In the original order the lines cross.

The f-argument is always on the bottom with its line on the right.

------
gwu78
There is no substitute for reading source code.

grep -A20 -ri "usage:" src-directory

should get you started. But if you rely on looking only at usage(), you'll
miss "undocumented" features. Try reading the OpenSSH source for example.
There is at least one undocumented option.

If the source code is so voluminous and the organization of the project so
convoluted that it is prohibitive to scanning through the source to figure out
what the program does, then that in itself tells you something.

The smaller the program (and its source code), the easier it is to master it,
in my humblest opinion.

Generally, the larger the program, the higher the probability of bugs and
vulnerabilities. This, you might say, is the cost of adding "features".
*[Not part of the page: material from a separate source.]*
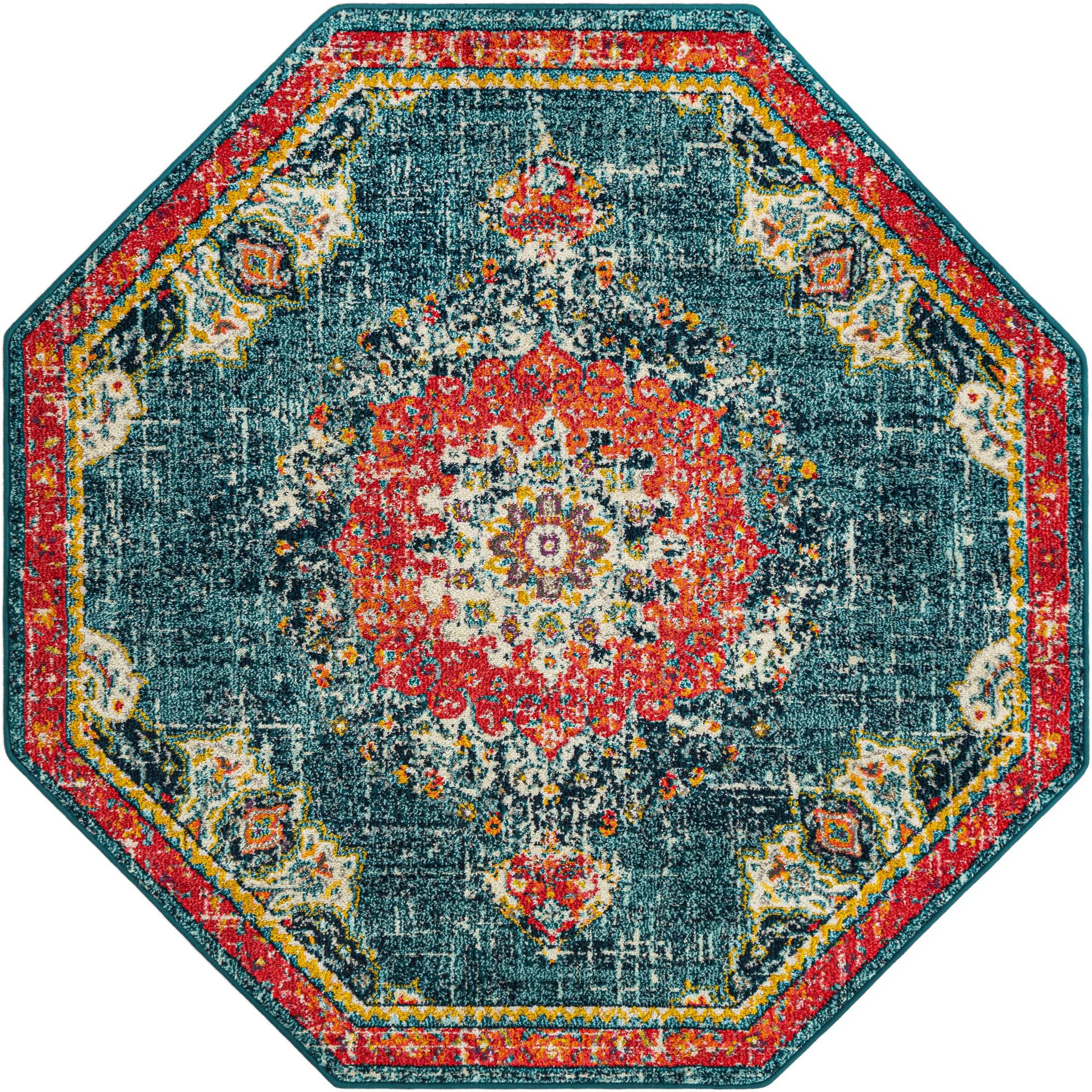A richly patterned medallion sits at the center of a deep blue field, surrounded by layered floral motifs and decorative spandrels that recall traditional Persian designs with a modern, distressed finish. Bright tones of red, orange and pink form the central rosette, while accents of gold, green, ivory and navy blue appear throughout the border and detailing, creating lively contrast against the blue background. The octagonal silhouette adds architectural interest, with a red-and-gold edge that frames the composition and sharpens the rug’s visual presence.

I prefer small programs where I can read the source code quickly and easily.
They need not have many features. The less output the better. As long as they
do one thing well enough, and reliably.

Not to mention what it does to ease of use every time you add more "features"
to a program. Look at the OpenSSL binary. It is like they are going for the
World Record on the number of options you can cram into a single command line
program. Insane.

------
Toenex
Any reason why this is stuck in browser? I've got most oif the raw data (man
pages) already on my machine and the closer this is tied to command line the
more likely I am to use it. For instance I'd love to be able to do;

    
    
      explain !!
    

in my shell to work out what just happened!;)

Good work by the way.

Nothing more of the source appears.